Fake news and rumors are rampant on social media, and believing in them can cause significant harm. With the COVID-19 pandemic, social media has become the main instrument for sharing information about it, and along with it, the circulation of fake news. In this project we propose to detect fake news about COVID-19, using a combination of a transformer and classical machine learning algorithms with different features such as the text, the text sentiment, NER tags, POS tags, and so on. Finally, we thoroughly compare the results providing the accuracy, precision, recall, and F1-score metrics of all the systems.

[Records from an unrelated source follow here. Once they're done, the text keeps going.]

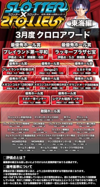 設備評価新台やデータ機器の充実度、台間シャッターや肘掛けの有無、Wi-FiやUSBの有無、休憩所や食堂の質、装飾の華やかさ
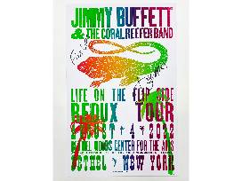 *This item was signed by Jimmy Buffett during his performance at Bethel Woods Center for the Arts on August 4, 2022. Upon auction end, please allow 4-6 weeks for this item to be shipped. This item will be wrapped in a plastic sleeve, rolled and shipped in a poster packing tube. Please ensure the correct mailing address is listed in your account.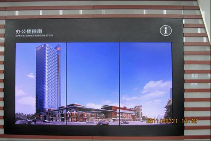 此次工程為北京雙旗世紀(jì)科技有限公司為上海海泰房地產(chǎn)(集團(tuán))有限公司辦公大樓安裝1×3液晶拼接墻,用于對(duì)海泰地產(chǎn)企業(yè)文化的展示和對(duì)公司內(nèi)部信息智能發(fā)布。 根據(jù)海泰地產(chǎn)的具體規(guī)劃,結(jié)合現(xiàn)場(chǎng)的安裝環(huán)境和布局,海泰地產(chǎn)選用了夏普60寸的專業(yè)顯示器PN-E601共3臺(tái),組合成1×3大幅面液晶拼接墻。夏普PN-E601專業(yè)顯示器最大的特點(diǎn)是采用窄邊框設(shè)計(jì),它不但可以縱橫自由放置,還能做縱向1×3拼接,拼接成畫面尺寸達(dá)103英寸,拼接后的分辨率最大可以達(dá)到3360×1920像素,且畫面完美清晰。它采用夏普?qǐng)泄S的10代線ASV液晶面板,單屏分辨率為1920×1080P,最大亮度500cd/m2,對(duì)比度高達(dá)5000:1,可視角度176度,響應(yīng)時(shí)間為6ms。夏普PN-E601沿襲了夏普專業(yè)顯示器的無風(fēng)扇設(shè)計(jì),有效降低噪音,支持7×24小時(shí)全天候開機(jī),且具有低能耗、超薄機(jī)身設(shè)計(jì),更符合環(huán)保和節(jié)能的要求。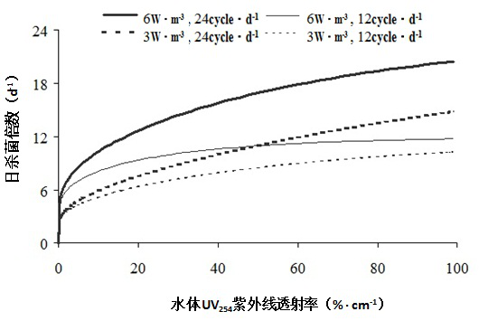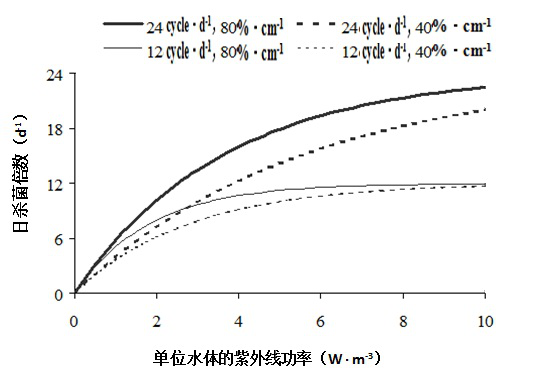 (1)在一個(gè)循環(huán)系統(tǒng)中,紫外線輸入功率循環(huán)水流和水的UV254的透率是影響紫外線殺菌效果的3個(gè)重要因素。單位水體的紫外線功率越大,殺菌效果越好;水體通過紫外燈殺菌器的速越大,總殺菌效果加大;UV254越大,殺菌效果越好;

The paper is available as part of this repository
The code is available in a Jupyter Notebook
Note: Abbreviations of the systems: DT: Decision Tree, LR: Logistic Regression, SVM: Support Vector Machine, GDBT: Gradient Boosting, TC: RoBERTa+XLM-RoBERTa +XLNet+DeBERT transformer combination with soft voting, BERT: BERT transformer, NB: Naive Bayes, MLP: Multilayer Perceptron, RF: Random Forest.
Model | Accuracy |
Precision |
Recall |
F1-score |
---|---|---|---|---|
DT (baseline) | 85.37 | 85.47 | 85.37 | 85.39 |
LR (baseline) | 91.96 | 92.01 | 91.96 | 91.96 |
SVM (baseline) | 93.32 | 93.33 | 93.32 | 93.32 |
GDBT (baseline) | 86.96 | 87.24 | 86.96 | 86.96 |
TC (baseline) | 98.31 | 98.31 | 98.31 | 98.31 |
------------- | ---------------------- | ---------------------- | ------------------ | ---------------------- |
BERT | 97.52 | 96.51 | 98.83 | 97.66 |
NB | 80.23 | 82.18 | 79.46 | 80.80 |
MLP | 87.26±0.0092 | 85.96±0.0138 | 90.46±0.0082 | 88.14±0.0076 |
RF | 92.75±0.0017 | 91.22±0.0023 | 95.31±0.0029 | 93.22±0.0016 |
DT | 86.68±0.0029 | 86.75±0.0027 | 88.00±0.0054 | 87.37±0.0030 |
------------- | ---------------------- | ---------------------- | ------------------ | ---------------------- |
NB + BERT | 97.24 | 96.74 | 98.04 | 97.38 |
MLP + BERT | 96.75±0.0060 | 95.52±0.0079 | 98.40±0.0035 | 96.94±0.0056 |
RF + BERT | 97.80±0.0007 | 97.02±0.0013 | 98.82±0.0004 | 97.91±0.0007 |
DT + BERT | 97.93±0.0007 | 98.04±0.0009 | 98.00±0.0020 | 98.02 ±0.0007 |
Accuracy, Precision, Recall, and F1-score of all the models for the test dataset. The table shows the mean and the standard deviation (mean±standard deviation) after training the models 20 times.